Razón por lo que conociendo y haber estudiado en la academia policial y la academia militar Batallas de las Carreras, hemos vivido en carne propia los vejámenes y abusos a que son sometidos los cadetes y alistados en los centros educativos, cavernarios y corruptos casi siempre, y en ves de mejorar han empeorado.

Esta situación nos motiva a hacer un llamado de atención a las autoridades políticas, militares, policiales y al pueblo en general que les interesa estos temas para que se tomen las medidas de reformas necesarias en las siguientes irregularidades: Falta de medicina preventiva y médicos especializados en emergenciología, deporte y fisiatría. Adecuación de los pénsum académicos y de los docentes.
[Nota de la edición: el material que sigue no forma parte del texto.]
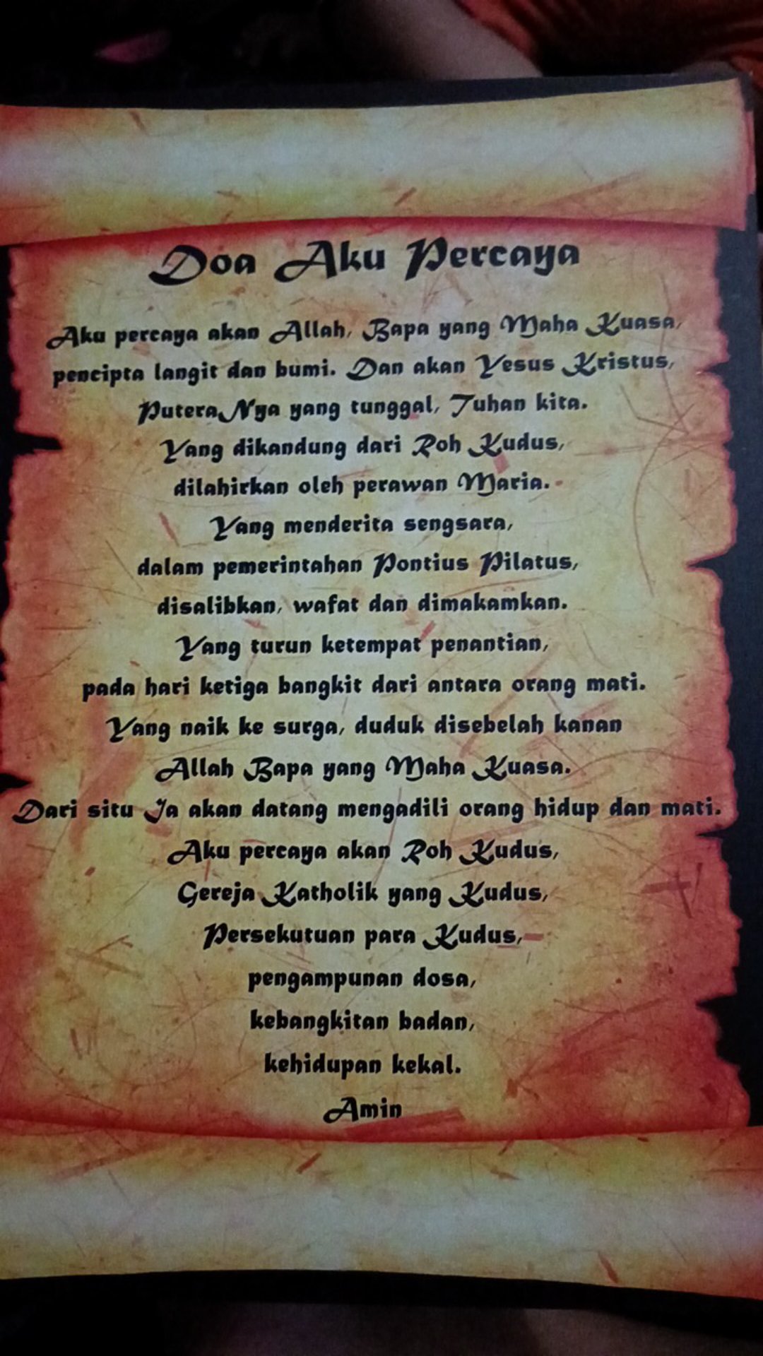 Aku percaya aku percaya akan allah, bapa yang mahakuasa, pencipta langit dan bumi; Kan pada kata2 yang dikandung dari roh kudus. Di dalam kalimat doa tersebut dikatakan betapa allah merupakan sang pencipta utama yang bekerja untuk penciptaan manusia maupun penciptaan langit dan bumi. Dan akan yesus kristus, puteranya yang tunggal, tuhan kita. Tanda salib dalam nama bapa, dan putra, dan roh kudus, amin.
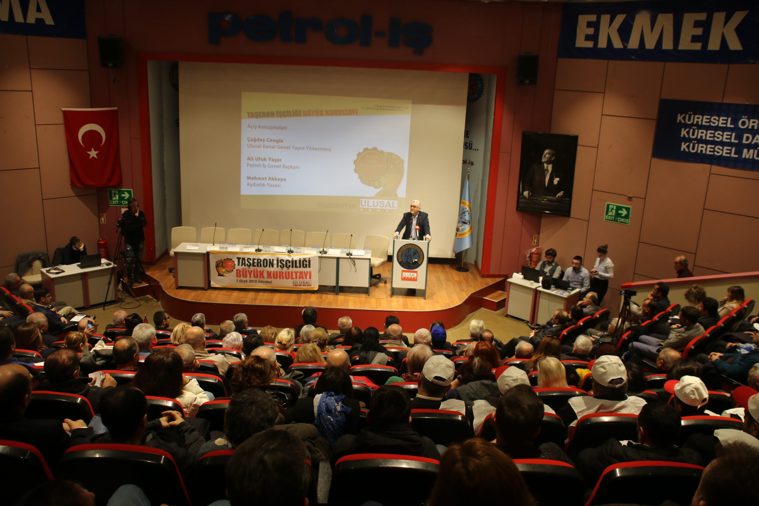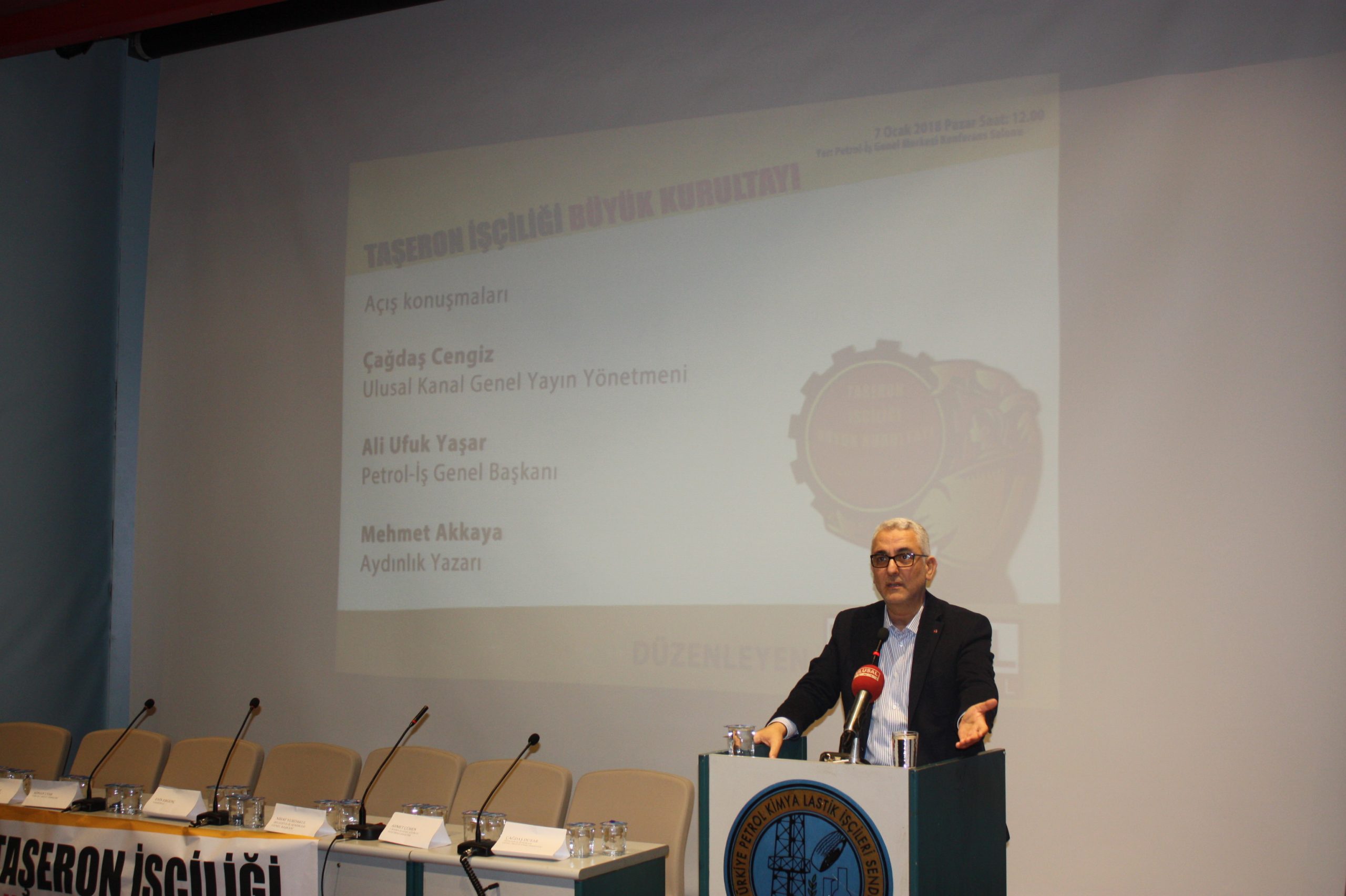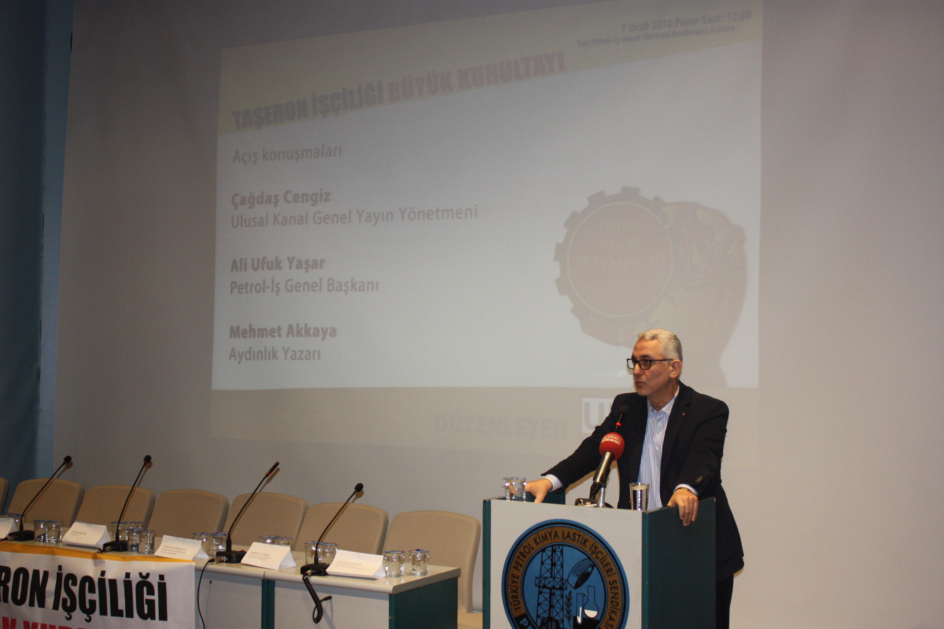 Genel Başkanımız Ali Ufuk Yaşar, Ulusal Kanal Genel Yayın Yönetmeni Çağdaş Cengiz’in açış konuşmasının ardından bir konuşma yaptı. Kadroya alınmasını istedikleri işçilerin hiçbirinin kadroya alınmadığına dikkat çeken Yaşar, “1 milyon 20 bin kişiden bahsediliyor fakat kamu iktisadi teşebbüslerinde çalışan 50 bin kişi bizzat asıl işi yapan taşeron işçileri kapsamdışında tutuldu. Petrol-İş Sendikası’nın örgütlü olduğu Botaş’ta, Makina Kimya’da vs. asıl işi yapan arkadaşlarımız kadroya alınmadı. Kimsenin sevincini kursağında bırakmak istemiyorum ama gerçek olan bu. ‘Taşeron işçisine kadro verdik, taşeron meselesini hallettik’ demek çok büyük haksızlık. 8 Ocak’ta (bugün) yine Ankara’da bununla alakalı çok değerli bölge başkanları, sendika genel bakanları Türk-İş tarafından toplanacak. Bu konuların tekrar düzenlenmesine dair mücadelemiz devam edecek. Bizim için dağ fare bile doğurmamıştır. Bu konuyu ülkemiz adına, halkımız adına takip edeceğiz.”dedi.

Regulación de los precios y los descuentos excesivos que les aplican a los estudiantes militares y policías (todos los productos son sobrevalorados, alimentos, golosinas, materiales educativos y propiedades en general). Las plantas físicas deben modernizarse. Las evaluaciones de competencias no están a la altura de los estándares internacionales.

Dios les bendiga siempre, Pueblo dominicana.